What Waste Code
HP8

HP8: Corrosive

Waste which on application can cause skin corrosion.

What this usually means in practice

HP8 is the skin-corrosion category and sits above ordinary irritation. It is relevant where the waste can destroy skin tissue, often because of strong acids, strong alkalis or heavily contaminated cleaning and treatment residues.

Definition

Exact definition wording taken from WM3 Appendix C / Annex III for this hazardous property.

waste which on application can cause skin corrosion

What to check when assessing this property

Use the official definition, composition data and waste-process knowledge together. These points are meant to help frame the assessment, not replace WM3.

  • Check summed H314 concentrations first, then review pH and reserve alkalinity or acidity where composition is incomplete.
  • Remember that strongly acidic or alkaline wastes may still need HP8 even when full composition data is unavailable.
  • Consider free liquids, slurries and concentrated wash liquors carefully because contact severity matters.

Supporting points

Additional points shown where the official definition or WM3 guidance breaks the hazard into categories or clarifications.

  • H314 Skin Corr. 1A, 1B or 1C triggers HP8 when the sum of those substances reaches 5% or more.
  • If some components are unknown, WM3 says waste with a pH of 2 or less, or 11.5 or more, should be treated as HP8 unless acid or alkali reserve testing and in vitro testing show otherwise.

How to use this page

Hazardous properties explain why a waste may be hazardous.

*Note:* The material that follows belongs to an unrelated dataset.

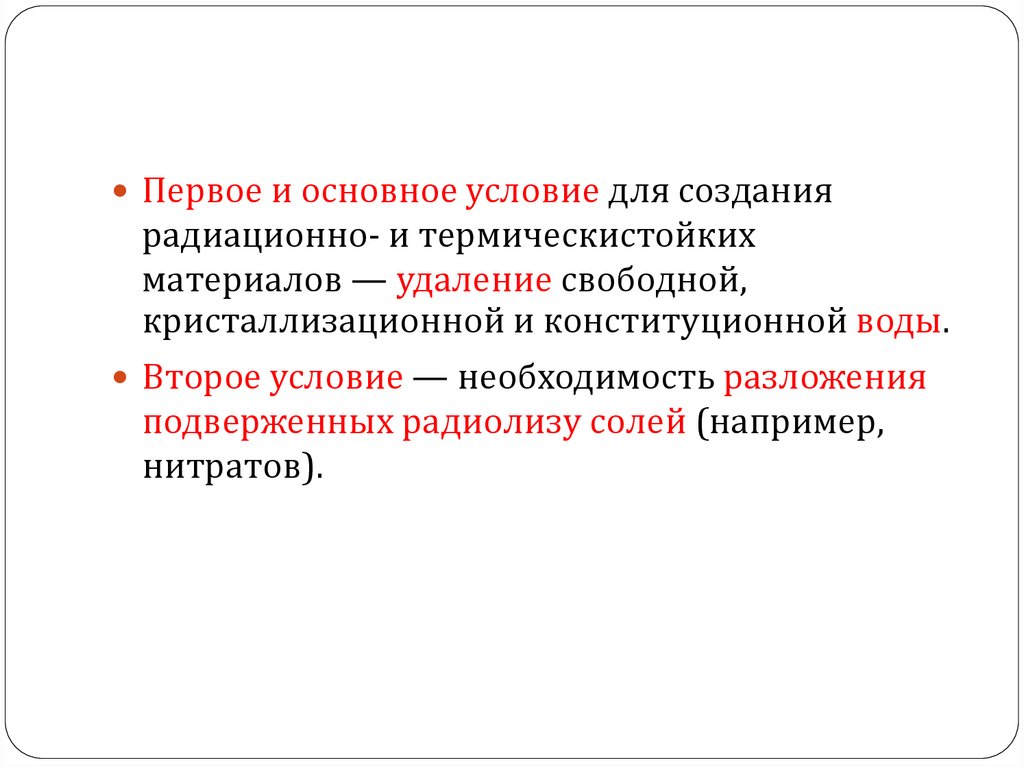 Первое и основное условие для созданиярадиационно- и термическистойких

They sit alongside EWC classification and they do not replace formal WM3 assessment or site acceptance checks.

1. Start with the waste

Identify the likely EWC entry, the process that produced the waste and whether it is part of a mirror-entry assessment.

2. Check the hazard evidence

Use composition data, SDSs, testing, pH, flash point and process knowledge as relevant to the property in question.

3. Confirm the final outcome

Confirm the conclusion against WM3 and any permit-specific or site-specific acceptance requirements before relying on it.

Wording is based on Annex III of the consolidated Waste Framework Directive  opens in a new tab and should be used alongside Waste classification technical guidance (WM3, 3rd edition, 2021) — GOV.UK  opens in a new tab.